Task inputs:
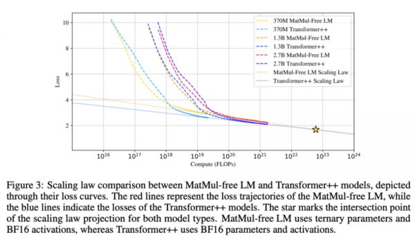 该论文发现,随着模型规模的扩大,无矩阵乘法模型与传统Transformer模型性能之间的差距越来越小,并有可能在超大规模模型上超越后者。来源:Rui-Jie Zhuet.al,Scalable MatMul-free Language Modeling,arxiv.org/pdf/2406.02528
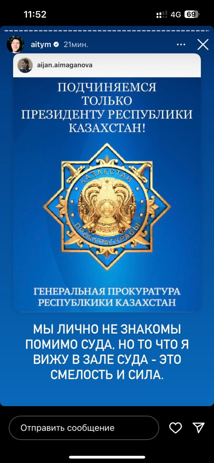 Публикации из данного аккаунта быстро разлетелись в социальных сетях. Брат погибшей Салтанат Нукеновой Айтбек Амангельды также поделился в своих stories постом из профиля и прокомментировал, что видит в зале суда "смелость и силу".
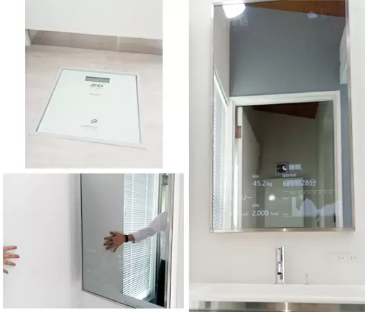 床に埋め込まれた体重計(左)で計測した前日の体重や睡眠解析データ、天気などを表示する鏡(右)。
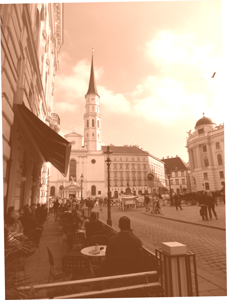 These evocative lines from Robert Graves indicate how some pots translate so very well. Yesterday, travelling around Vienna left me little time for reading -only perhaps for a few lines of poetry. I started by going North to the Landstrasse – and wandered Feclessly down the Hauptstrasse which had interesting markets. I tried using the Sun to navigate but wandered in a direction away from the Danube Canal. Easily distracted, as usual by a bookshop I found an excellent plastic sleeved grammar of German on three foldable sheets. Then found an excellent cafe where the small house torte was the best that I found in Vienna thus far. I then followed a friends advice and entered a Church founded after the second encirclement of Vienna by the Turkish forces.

---

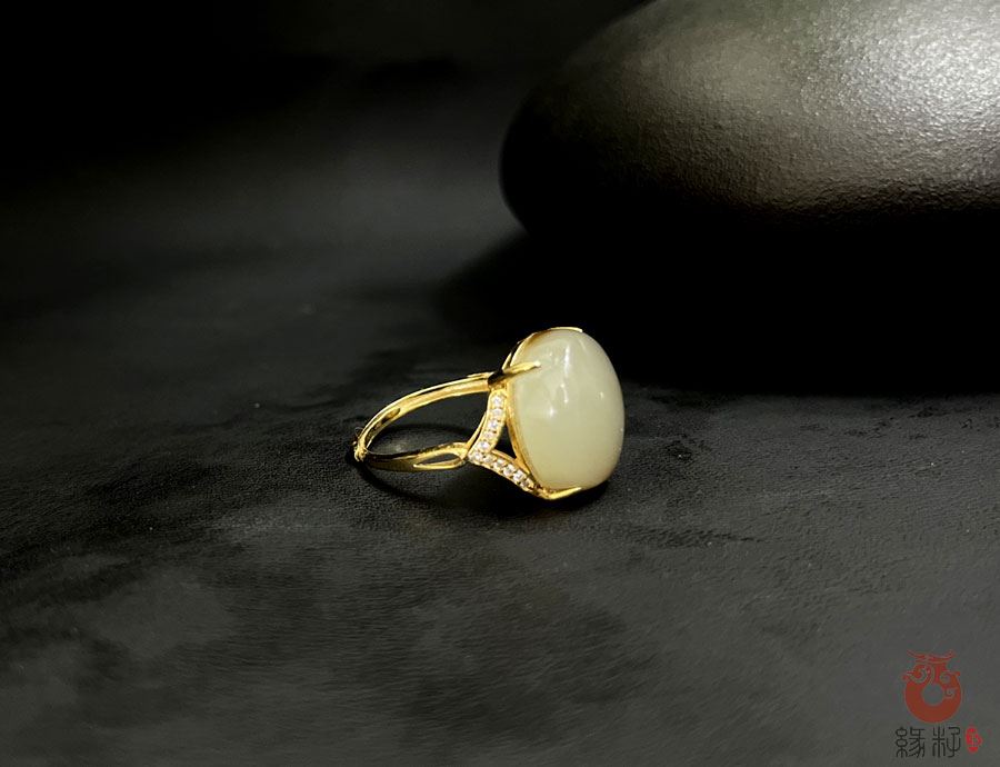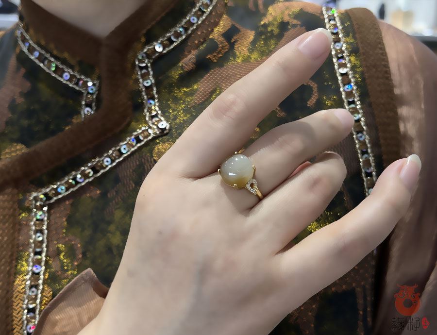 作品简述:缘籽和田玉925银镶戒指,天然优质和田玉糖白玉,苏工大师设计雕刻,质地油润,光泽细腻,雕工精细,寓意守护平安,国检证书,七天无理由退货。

==

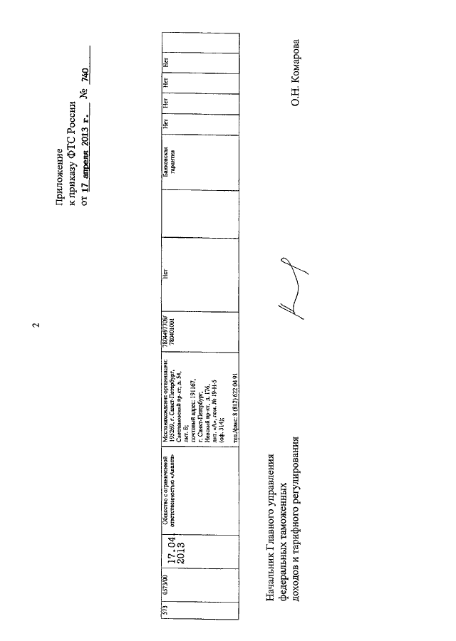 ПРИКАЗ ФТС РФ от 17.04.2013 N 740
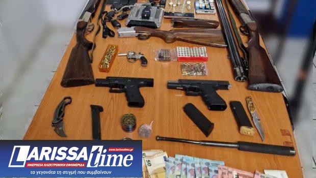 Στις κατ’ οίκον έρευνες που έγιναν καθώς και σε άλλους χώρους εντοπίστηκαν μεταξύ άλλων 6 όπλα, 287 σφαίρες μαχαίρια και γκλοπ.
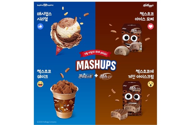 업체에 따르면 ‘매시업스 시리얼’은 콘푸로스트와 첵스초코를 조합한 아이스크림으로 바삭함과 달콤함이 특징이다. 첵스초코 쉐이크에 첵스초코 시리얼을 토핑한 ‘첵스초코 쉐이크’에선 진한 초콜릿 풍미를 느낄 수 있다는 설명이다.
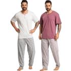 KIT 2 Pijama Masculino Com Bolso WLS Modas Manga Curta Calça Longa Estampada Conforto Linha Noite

Assigned task:
What you return must match, character for character, the lines above from the one with "MatMul-free Language Modeling,arxiv.org/pdf/2406.02528" through the one with "These evocative lines", minus any pictures.

Task solution:
 该论文发现,随着模型规模的扩大,无矩阵乘法模型与传统Transformer模型性能之间的差距越来越小,并有可能在超大规模模型上超越后者。来源:Rui-Jie Zhuet.al,Scalable MatMul-free Language Modeling,arxiv.org/pdf/2406.02528
 Публикации из данного аккаунта быстро разлетелись в социальных сетях. Брат погибшей Салтанат Нукеновой Айтбек Амангельды также поделился в своих stories постом из профиля и прокомментировал, что видит в зале суда "смелость и силу".
 床に埋め込まれた体重計(左)で計測した前日の体重や睡眠解析データ、天気などを表示する鏡(右)。
 These evocative lines from Robert Graves indicate how some pots translate so very well. Yesterday, travelling around Vienna left me little time for reading -only perhaps for a few lines of poetry. I started by going North to the Landstrasse – and wandered Feclessly down the Hauptstrasse which had interesting markets. I tried using the Sun to navigate but wandered in a direction away from the Danube Canal. Easily distracted, as usual by a bookshop I found an excellent plastic sleeved grammar of German on three foldable sheets. Then found an excellent cafe where the small house torte was the best that I found in Vienna thus far. I then followed a friends advice and entered a Church founded after the second encirclement of Vienna by the Turkish forces.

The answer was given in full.